The EU has voted not to label oil sands crude as more carbon intensive than conventional crude, although the issue will likely be taken up again by a committee of EU ministers later this year. While admitting the result wasn’t conclusive, Redford still called it, “an important victory for Alberta.”

Alberta has been focused on this debate across the pond because it, and the federal government, happen to be terrified that the oil sands will be labeled a dirty fuel by the Euros.

Why are they terrified? Because under the directive, EU refiners and marketers would be required to reduce the carbon content of their fuel mix. And if oil sands crude is labeled as a more carbon-intensive fuel, those refiners and marketers would be less likely to buy oil sands crude to refine and sell.

Europe doesn’t get its oil from Alberta anyway, so it’s not like oil sands producers would lose a valuable market if this happened. But there is great concern about the precedent labeling oil sands crude will set in other markets that are valuable – like the U.S.

The $40.3 billion 2012-13 budget that Redford released two weeks ago shows just how high the financial stakes are for the province here.

The government says 27.8 per cent of its revenue will come from non-renewable resource revenue. Of that amount, the government forecasts just over 50 per cent of it during the 2012-13 fiscal year will come from bitumen royalties.

The government projects those numbers to go up substantially, too. It forecasts bitumen royalties to reach $5.6 billion in 2012-2013, $7.6 billion in 2013-14 and $9.9 billion in 2014-2015.

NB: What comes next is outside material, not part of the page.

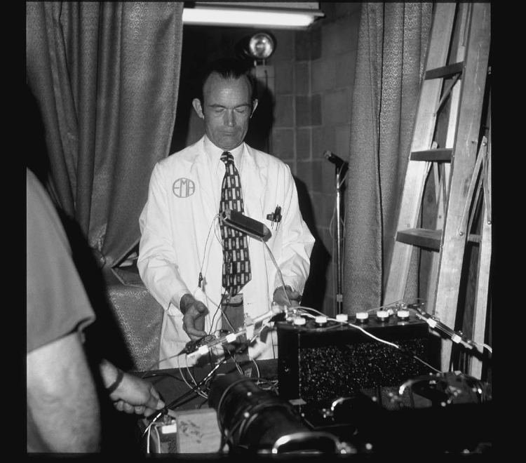Дик Хакенбергер, инженер Грея демонстрирует опыт с прыгающим электромагнитом. Грей нажимает кнопку и магнит взлетает. При этом, большая часть затраченной энергии возвращается назад в конденсатор с обратным знаком. В опыте явно нарушается энергетический баланс, однако Грей пока не понимает этого, он это поймет позже, когда построит первый прототип своего мотора.

And as the Alberta government continues its free-spending ways, it has also said it will balance the budget in 2013-14. But for that to happen, it needs the oil sands gravy train to keep rolling. So it can ill afford to have the oil sands negatively impacted by anything anywhere. That’s especially true when natural gas royalties are expected to stay in the $1.3-1.6 billion range during the same period.

Alberta dodged a bullet today. But the oil sands opponents in the EU still have a few more they can fire, and they will use them.